You can learn more about Accenture, how it helps its clients navigate and harness the power
of big data by building big data infrastructures. Folks, today we have Wes McKinney
presenting Building Rich High Performance Tools for Practical Data Analysis.
Wes gave this talk back in the fall at our Strata Conference in New York.
And the talk was so well received and attended that we asked Wes if he could present the event
for you all today. And we’re really excited to have him with us.
It is my pleasure to turn the program over to Wes for his presentation. Hello, Wes.
Wes McKinney Hi, Yasmina. Thanks for the introduction,
and thanks everyone for joining us for this webcast. As Yasmina said, I gave this talk
back at the Strata Conference back in October, which already feels like a long time ago.
And I would describe the talk a little, I guess, as more about my philosophy and process
for thinking about building data analysis tools and some of the things that I’ve learned
along the way in my work in building data tools. So I’ll be sharing that with you.
So thankful to Accenture for supporting the webcast.
So the structure of the talk, I’ll tell you a little bit about my background
and what I’ve been working on for the last few years, and how I got involved
with building data tools and the kinds of things that I think about.
I’ll talk about some of the motivations for why to, I guess, why are we interested in the philosophy
and what are the various ingredients that go into building data analysis tools,
and what kinds of problems are we trying to solve. And then I’m going to talk specifically
about some of the technical details that go into building data tools,
and I’ll show you some examples that come from my book.
So my background is, well, I graduated from MIT back in 2007, and I joined the finance world
and worked for H2O Capital Management for about three years. And while I was there,
I got involved with building data analysis tools for Python,
and started what would later become the pandas Project.
And over the last two or three years, pandas has grown into a very successful project
in large part because I’ve been putting a lot of development work into it.
Now there’s a very robust community around the project, and it’s being used very productively
in many areas of the industry. I started out in finance, but pandas is very popular
in essentially anywhere that’s working, any industry that’s working with data,
and almost anyone who’s using Python is using pandas, I find.

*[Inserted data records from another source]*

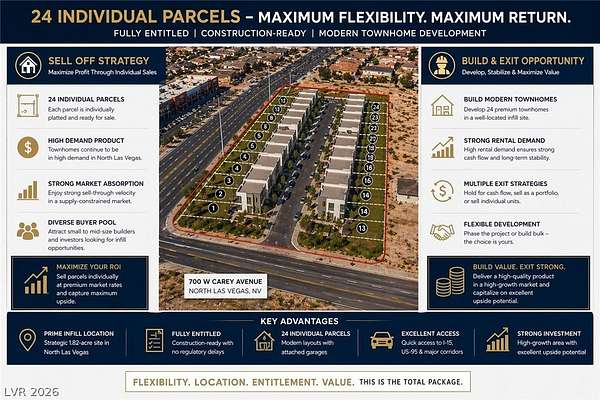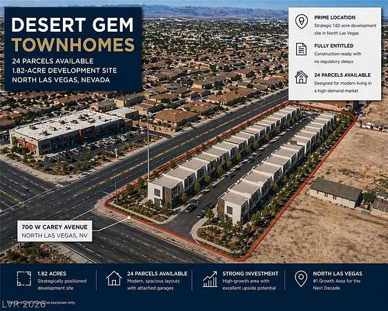Opportunity to acquire a fully entitled, construction-ready development site in one of the fast growing corridors of the N. Las Vegas metro. This 1.82-acre parcel comes subdivided into 24 lots with water rights already in place- eliminating the time, cost, and risk of the entitlement process. Bring your designs and build! Strategically positioned on the corner of W. Carey Avenue & Revere. Actual Strip views when standing on the land itself. With excellent visibility, access and frontage, this site sits within an established residential neighborhood experiencing strong demand for new housing. Across the street a new strip mall with 4 eateries. Surrounded by newer homes & 2 churches. A high end, newer single family community sits across Carey. Property also sits just inside of the North Las Vegas "Opportunity Zone." Visit the IRS.gov website or HUD.gov to learn how you can save on capital gains & increase your returm on this investment.
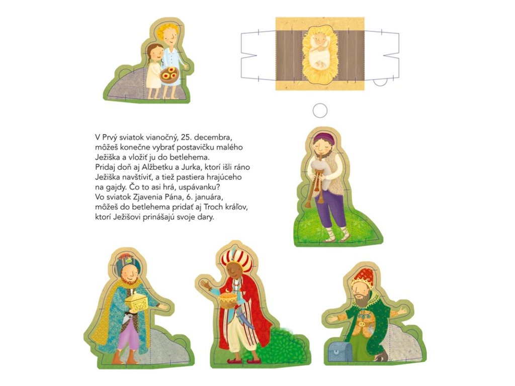 V tejto interaktívnej knižke si najskôr prečítaš príbeh narodenia Ježiša a potom ju môžeš premeniť na veľký betlehem so žiariacou kométou. Kniha obsahuje 24 otváracích okienok a postavičky Ježiška a Troch kráľov, ktoré do betlehema pridáš 25. decembra a 6. januára.
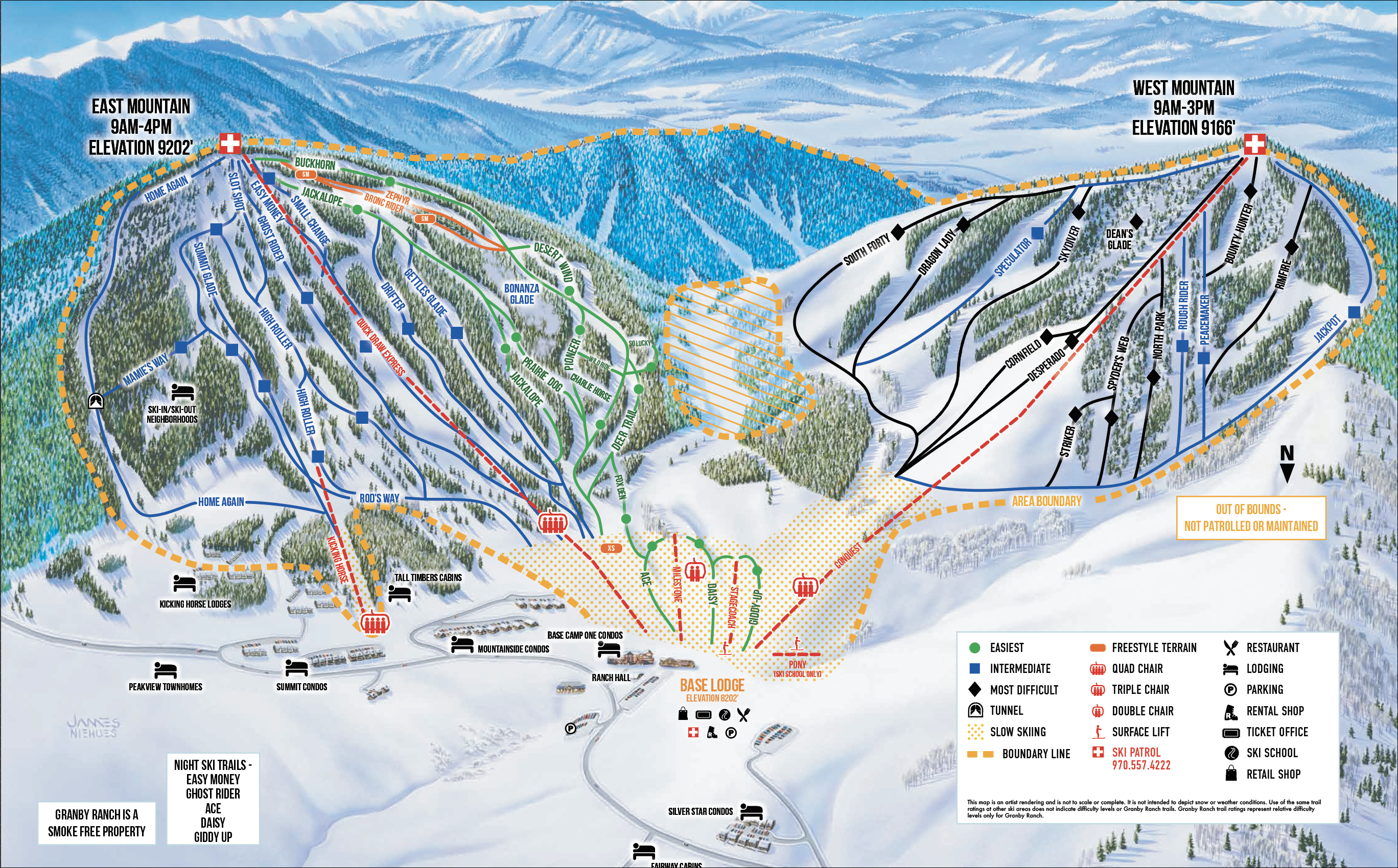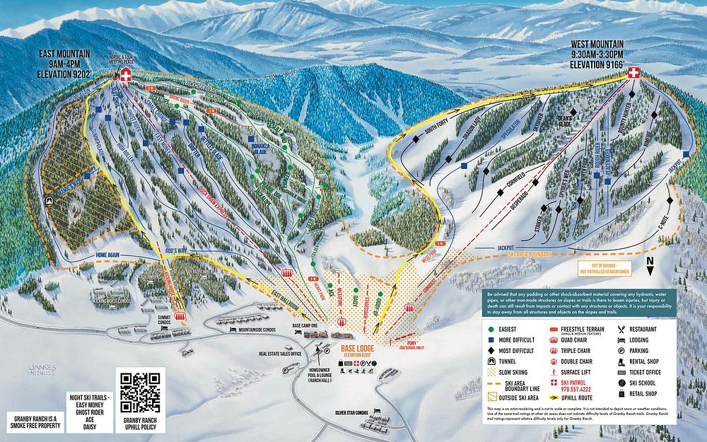 Here's a 50-100 word summary of Ski Granby Ranch: Located 90 minutes west of Denver, Colorado, Granby Ranch is a family-friendly ski resort with 41 trails, 6 terrain parks, and 900 acres of skiable terrain across two mountains. The resort offers a range of activities, including skiing, snowboarding, and mountain biking in the summer. With nearly 1,000 feet of vertical and an annual snowfall of over 85 inches, Granby Ranch provides an intimate Colorado ski experience with stunning views. The resort features a ski school, rentals, and a lodge with a restaurant, making it an ideal destination for families and beginners.
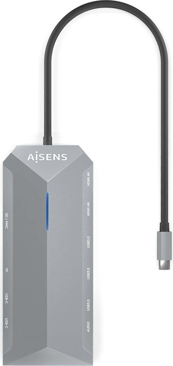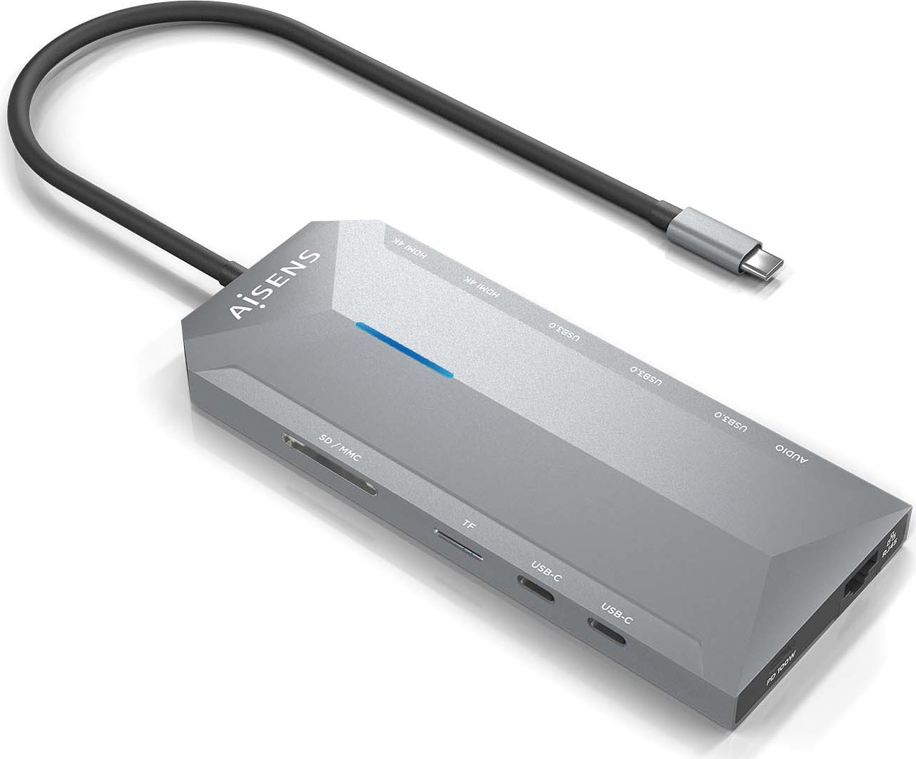 AISENS USB-C Dock 12 En 1, USB-C A 2xHDMI, 1xRJ45, 3xUSB-A, 2xUSB-C, 1xUSB-C PD, 1xAudio, 1xSD, 1xMicro SD, Gris, 30cm. Tecnología de conectividad: Alámbrico, Interfaz de host: USB 3.2 Gen 1 (3.1 Gen 1) Type-C, Entrega de energía USB (USB Power Delivery) de hasta: 100 W. Ethernet LAN, velocidad de transferencia de datos: 10,100,1000 Mbit/s, Estándares de red: IEEE 802.3, IEEE 802.3ab, IEEE 802.3az, IEEE 802.3u, IEEE 802.3x. Color del producto: Gris, Tarjetas de memoria compatibles: MicroSD (TransFlash), MicroSDHC, MicroSDXC, RS-MMC, SD, SDHC, SDXC, Velocidad de transferencia de datos: 5 Gbit/s. Longitud del cable USB: 0,3 m. Sistema operativo Windows soportado: Windows 10, Windows 11, Sistema operativo MAC soportado: Mac OS X 10.10 Yosemite, Mac OS X 10.11 El Capitan, Mac OS X 10.12 Sierra, Mac OS X 10.13 High..., Sistemas operativos móviles soportados: iPadOS

I published a book which also came out around the time of Latte Strada.
It’s called Python for Data Analysis. And I intended for the book to be
a very accessible introduction to the modern scientific computing stack in Python.
So we do things like NumPy, and IPython, and Matplotlib.
So it’s the core scientific tools in Python. And about 60% of the book or more
is really a robust and practical introduction to pandas.
I’m looking at various important topics in data manipulation and data preparation,
and showing you how you can use Python to productively integrate
into your analysis workflow. It’s not a treatise on data analysis methods per se,
but more about the kinds of tools in Python that you can start using right away
to incorporate into your analysis.
So I spend a lot of time thinking about data tools.
And I guess working with data and preparing data ends up being 80% to even 95%
of the work that’s involved in a data analysis workflow.
So you see various estimates from studies people do on data analysis.
And I’m very interested both in the big data and the small data.
In the case of big data, a lot of the analytics that you’re doing
is just taking very, very large data and reducing it to a small or medium size
so that you can reshape, and reshape, and place, and size, and create models.
So a lot of the modeling and really agile data work happens
at what I would call the small and medium data level in typically big data tools.
There is a lot of big data machine learning and big data analytics.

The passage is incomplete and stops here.